▶ _WHAT YOU WILL DO_
Repeat each record exactly. Any picture gets left out.

▶ _RECORDS FOR THE EXERCISE_
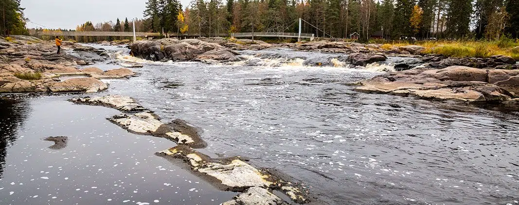 Alueelta löytyy residenssiä, riippusiltaa, esiintymislava, tulentekopaikkoja, esteettömiä pitkospuita ja niin edelleen. Tämä on kyllä loistava ulkoilmaolohuone. Kyllähän paikka oli käytössäkin. Koskella oli monia perheitä lapsineen, koskenlaskijoita ja kalastajia.
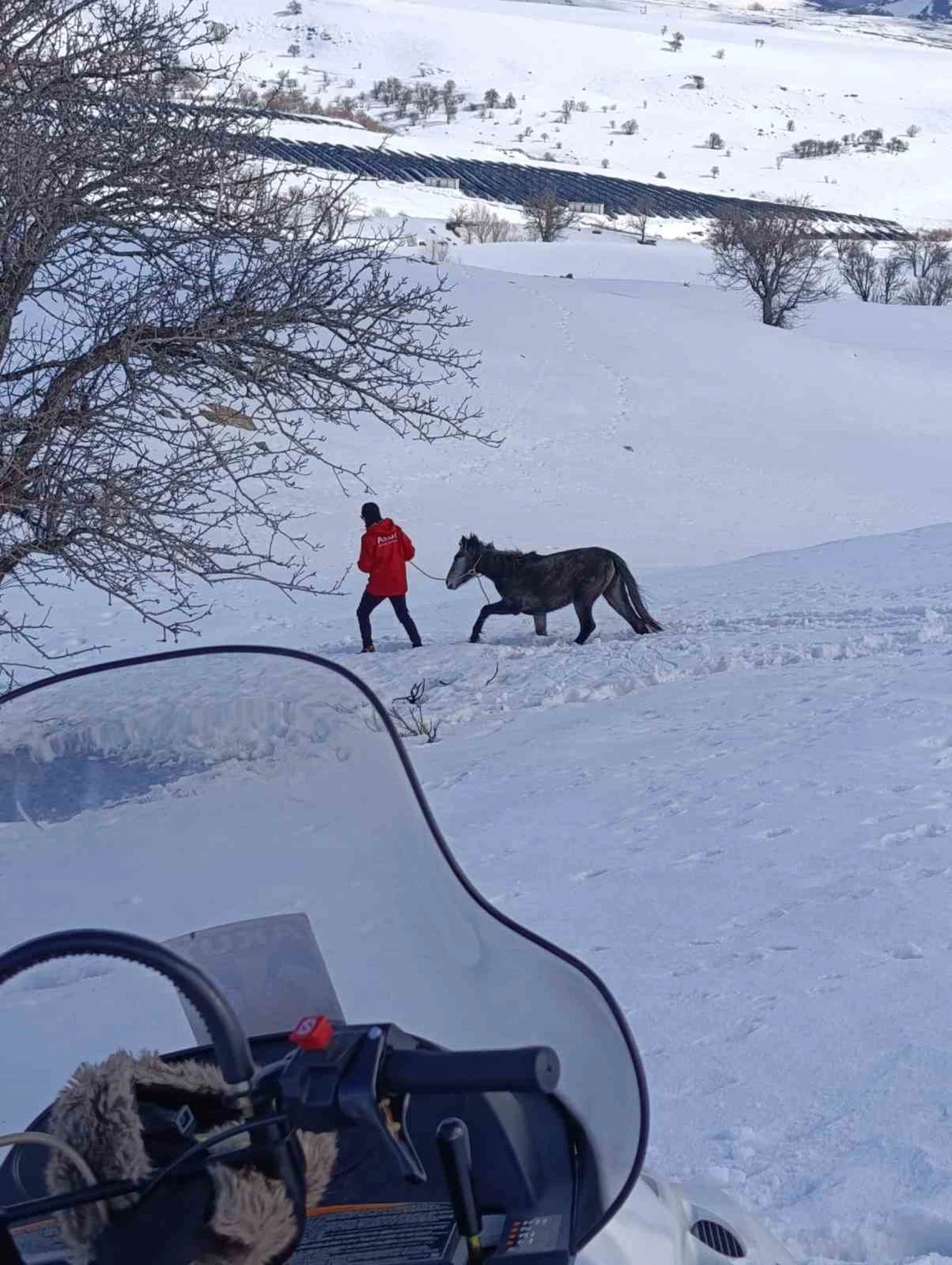 Ardından kar motoru ile ilerlenerek atın mahsur kaldığı bölgeye varıldı. Yer yer 1 metreyi bulan kar kalınlığı ve engebeli arazi şartlarına rağmen ekip, yaklaşık bir saat süren zorlu bir mücadelenin ardından yaralı atı bulunduğu noktadan alarak yürütmek suretiyle köy yoluna ulaştırdı.
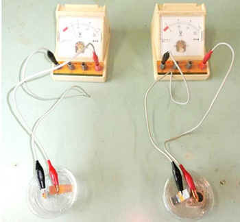 ダニエル電池(右)の比較実験
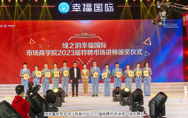 會(huì)議現(xiàn)場還舉行了綠之韻幸福國際商學(xué)院成立儀式,綠之韻國際商學(xué)院執(zhí)行院長黎芋成、綠之韻國際商學(xué)院常務(wù)副院長陳敏為綠之韻幸福國際市場商學(xué)院授牌,為院長、執(zhí)行院長、特聘教授、2023屆特聘市場講師頒發(fā)聘書。綠之韻幸福國際商學(xué)院的成立將成為綠之韻幸福國際的文化名片,將以最具市場化的姿態(tài)為幸福代言人提供最為廣闊的舞臺(tái)。
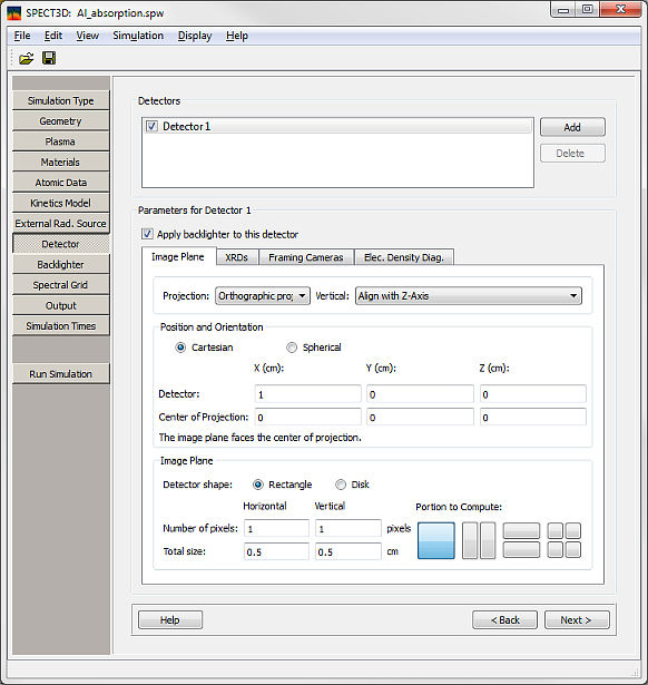 - For the position of the center of the detector enter 1 (X), 0 (Y), and 0

▶ _EXPECTED ANSWER_
 Alueelta löytyy residenssiä, riippusiltaa, esiintymislava, tulentekopaikkoja, esteettömiä pitkospuita ja niin edelleen. Tämä on kyllä loistava ulkoilmaolohuone. Kyllähän paikka oli käytössäkin. Koskella oli monia perheitä lapsineen, koskenlaskijoita ja kalastajia.
 Ardından kar motoru ile ilerlenerek atın mahsur kaldığı bölgeye varıldı. Yer yer 1 metreyi bulan kar kalınlığı ve engebeli arazi şartlarına rağmen ekip, yaklaşık bir saat süren zorlu bir mücadelenin ardından yaralı atı bulunduğu noktadan alarak yürütmek suretiyle köy yoluna ulaştırdı.
 ダニエル電池(右)の比較実験
 會(huì)議現(xiàn)場還舉行了綠之韻幸福國際商學(xué)院成立儀式,綠之韻國際商學(xué)院執(zhí)行院長黎芋成、綠之韻國際商學(xué)院常務(wù)副院長陳敏為綠之韻幸福國際市場商學(xué)院授牌,為院長、執(zhí)行院長、特聘教授、2023屆特聘市場講師頒發(fā)聘書。綠之韻幸福國際商學(xué)院的成立將成為綠之韻幸福國際的文化名片,將以最具市場化的姿態(tài)為幸福代言人提供最為廣闊的舞臺(tái)。
 - For the position of the center of the detector enter 1 (X), 0 (Y), and 0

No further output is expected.